One of the customs of the noble ones is to delight both in the developing and in the letting go. So an important part of the path is just that, learning how to delight in what you’re doing. So don’t think that if you don’t get to the end of the path, it’s a worthless process or it’s a waste of time. It’s time well spent, no matter what kind of life you’d be leading if you weren’t on the path. Think of what it would be like to look back on your life and say, “You had the opportunity to follow the path, but you threw it away.” An important part of being on this path is to learn how to make it enjoyable, have a good, strong sense of the goodness of the path—not only that it’s wholesome for you, like vitamins, but also that it’s an enjoyable path to be on.
You’ve got all this opportunity to look into your mind, to understand what it is that drives the mind. There’s a lot of discovery, a lot of exploration, and a lot of discovery that’s really gratifying. And the process of the exploration is fun as well. You get to see what these properties of the body can do. They can do all kinds of things that you wouldn’t have suspected if you didn’t explore.

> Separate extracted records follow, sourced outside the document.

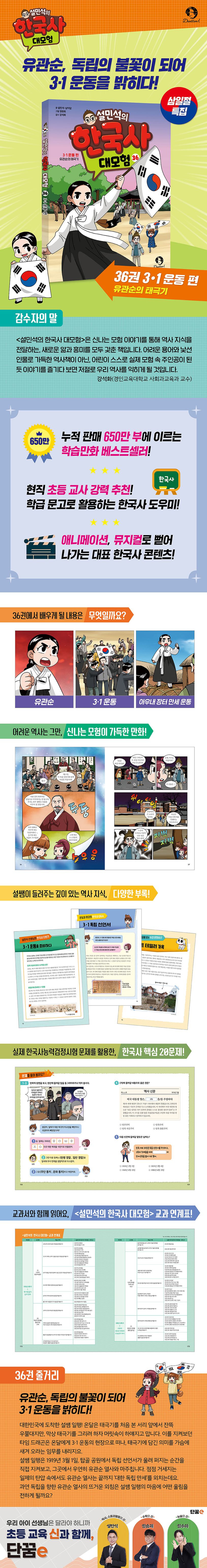 〈설민석의 한국사 대모험〉 36권은 3·1 운동의 현장에서 뜨겁게 독립을 외쳤던 유관순 열사의 이야기를 담고 있습니다. 일제의 탄압과 감시를 피해 한마음으로 3·1 운동을 준비했던 민중들, 그리고 열여덟 살의 나이로 아우내 장터의 만세 물결을 이끌었던 유관순 열사의 역사까지! 일제에 맞서 싸운 3·1 운동의 의미와 그날의 감동을 더욱 생생하게 만나 보세요.
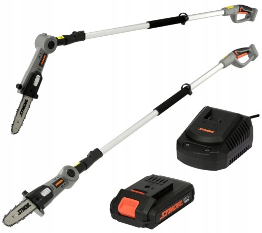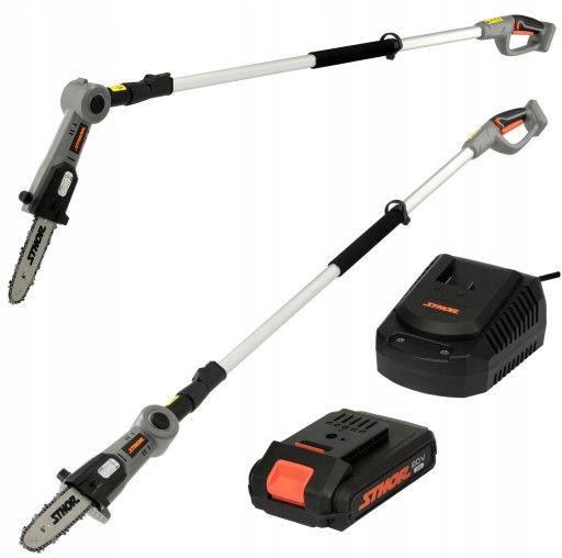 Teleskopowa okrzesywarka akumulatorowa do obcinania konarów. Dzięki teleskopowemu trzonkowi urządzenie może być rozłożone na długość 274 cm. Dla wygody użytkownika przy obcinaniu gałęzi można regulować pochylenie głowicy pilarki. Pilarka wyposażona jest w automatyczne smarowanie łańcucha. Antypoślizgowa rękojeść umożliwia pewny chwyt podczas pracy. Okrzesywarka jest zasilana akumulatorem pasującym do serii urządzeń systemu 20 V Sthor.
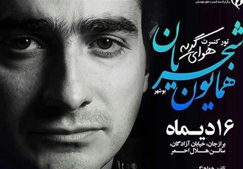 به گزارش خبرگزاری تسنیم، «حسین لاله رخ» تهیهکننده کنسرت همایون شجریان در بوشهر و مدیر سرایش مهر لیان، با اعلام این خبر، گفت: همایون شجریان به همراه گروه موسیقی «سیاوش» در ادامهٔ برگزاری تور کنسرت «هوای گریه» و طبق برنامه ریزیهای قبلی در تاریخ 16 دی ماه، در استان بوشهر و شهر «برازجان» به اجرای کنسرت میپردازد، اجرا بالاخره پس از دو سال پیگیری و مکاتبات با آقای محمد حسین توتونچیان مدیر برنامهٔ محترم همایون شجریان و همکاری ادارهٔ کل فرهنگ و ارشاد استان بوشهر، در بهترین فصل آب و هوایی این خطه برگزار خواهد شد.
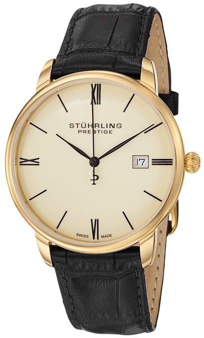 这款Stuhrling Prestige 307L.333515 斯图灵男士23k镀金石英手表,内置优质瑞士石英机芯,保证了时间的精确,外观采用黑色真皮表带搭配23K镀金不锈钢表壳设计,经典尊贵,防刮耐磨矿物玻璃表镜下为淡黄色表盘,表盘上镶有黑色全时刻度,3点钟方向为日历显示窗,黑色时分秒指针,表盘直径40mm,防水深度360m。
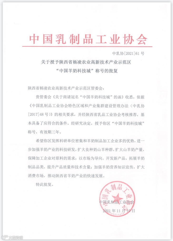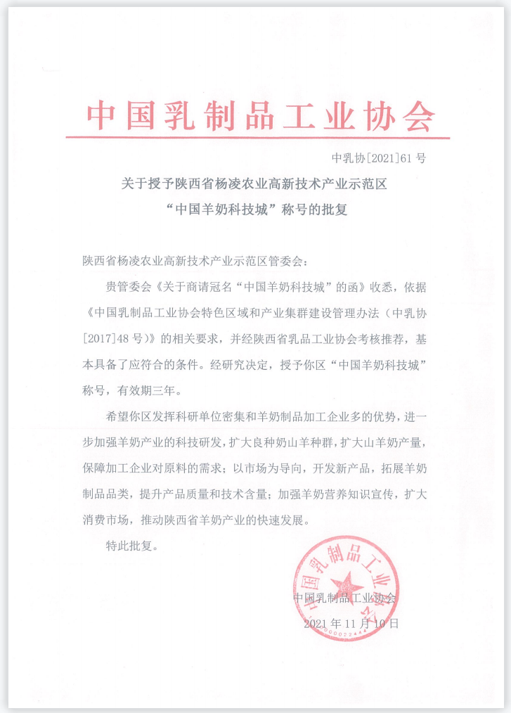 近日,中国乳制品工业协会批复授予杨凌示范区“中国羊奶科技城”称号。此项荣誉的获得是杨凌示范区深入贯彻落实国务院《批复》要求,实施“健康中国”“乡村振兴”“奶业振兴”战略的具体行动,标志着杨凌示范区依托技术优势、创新优势、良种优势以及加工优势,推动奶山羊全产业链高质量发展取得了显著成效。
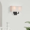 Collection: Pierson, Material: Steel, Finish Color: Bronze, Width: 16", Height: 12", Depth: 3.88", Height From Outlet Box: 8.5", Backplate Width: 4.38", Backplate Length: 6", Lamping Type: Incandescent, Number Of Bulbs: 2, Wattage: 40 Watts, Moisture Rating: Dry Rated, Desc: The contemporary design of the Pierson wall sconce is as beautiful as it is simple. An open rectangle, antique brass finish frame is paired with a light and airy horizontal rectangle off-white fabric hardback shade.,
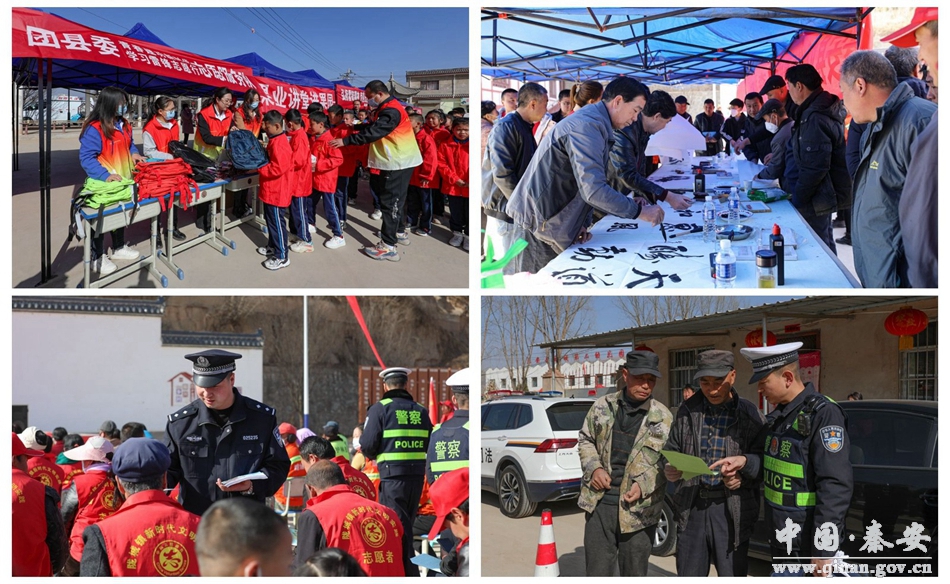活动现场,县委党校组织理论宣讲志愿者开展党的二十大精神宣讲;网信办向广大村民开展了网络安全知识及文明上网等宣传;县科技局、乡村振兴局、公安局、红十字会等单位在现场设立政策咨询服务点,为广大群众提供科普宣传、惠农政策、应急救护、禁毒及交通安全等服务;医务人员则耐心为每一位居民进行血压、血糖测量,向群众“送医送诊”,并对他们进行健康宣教及治疗指导;团县委为学生们捐赠了书包、玩具等爱心物资;县文化馆组织“文艺轻骑兵”开展惠民演出;县农村电影公益放映工作站还开展了农村公益电影放映活动,为村民们送上了一场视听盛宴。
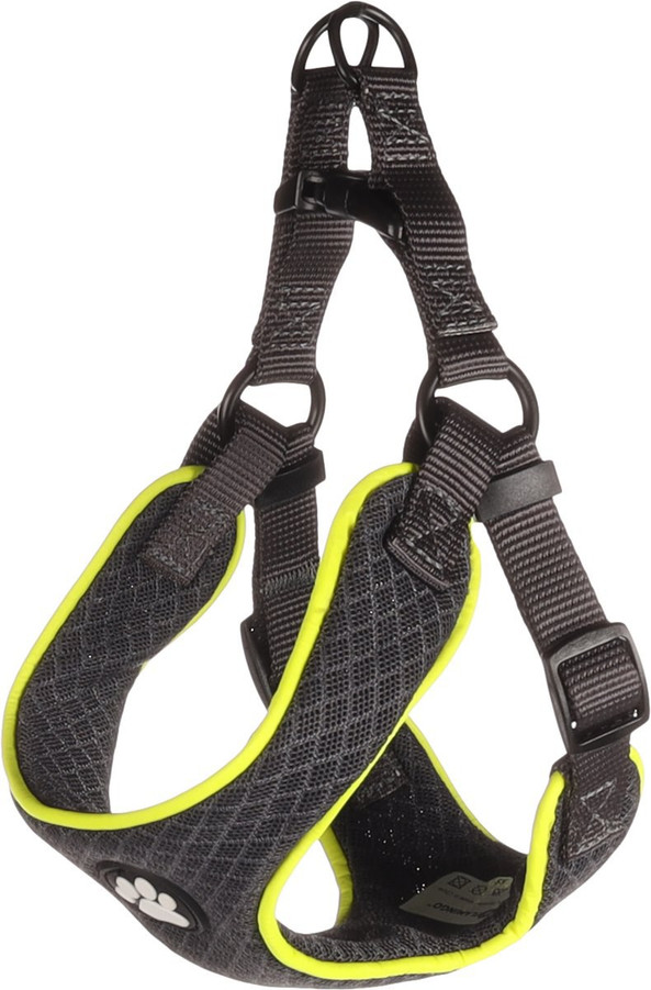 Ce harnais pour chien robuste est fabriqu en nylon et en maille respirante pour un confort optimal. Il est rglable en continu et dot d'une fermeture clic pratique. Les anneaux mtalliques ont une finition noire mate et il y a des bandes rflchissantes pour une visibilit supplmentaire dans l'obscurit. Avec 2 anneaux pour soulager la traction et rduire la pression sur la serrure. Idal pour les promenades aventureuses !
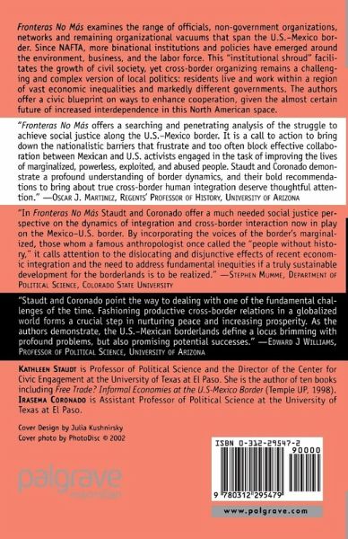 Fronteras No Mas examines the range of officials, non-government organizations, networks and remaining organizational vacuums that span the U.S. - Mexico border. Since NAFTA, more binational institutions and policies have emerged around the environment, business, and the labor force. This 'institutional shroud' facilitates the growth of civil society, yet cross-border organizing remains a challenging and complex version of local politics. Residents live and work within a region of vast economic inequalities and markedly different governments. The authors offer a civic blueprint on ways to enhance cooperation, given the almost certain future of increased interdependence in this North American space.

So it’s a matter both of respecting the path, having a strong sense of its innate goodness, and also enjoying the path. As Ajaan Fuang once said, “If the path gets dry, then it’s like an engine that seizes up.” You need, the sense of pleasure, the sense of well-being, the sense of rapture that comes from the practice to keep things lubricated, to keep them going—so that your enjoyment is not just an abstract enjoyment, but it’s visceral as well.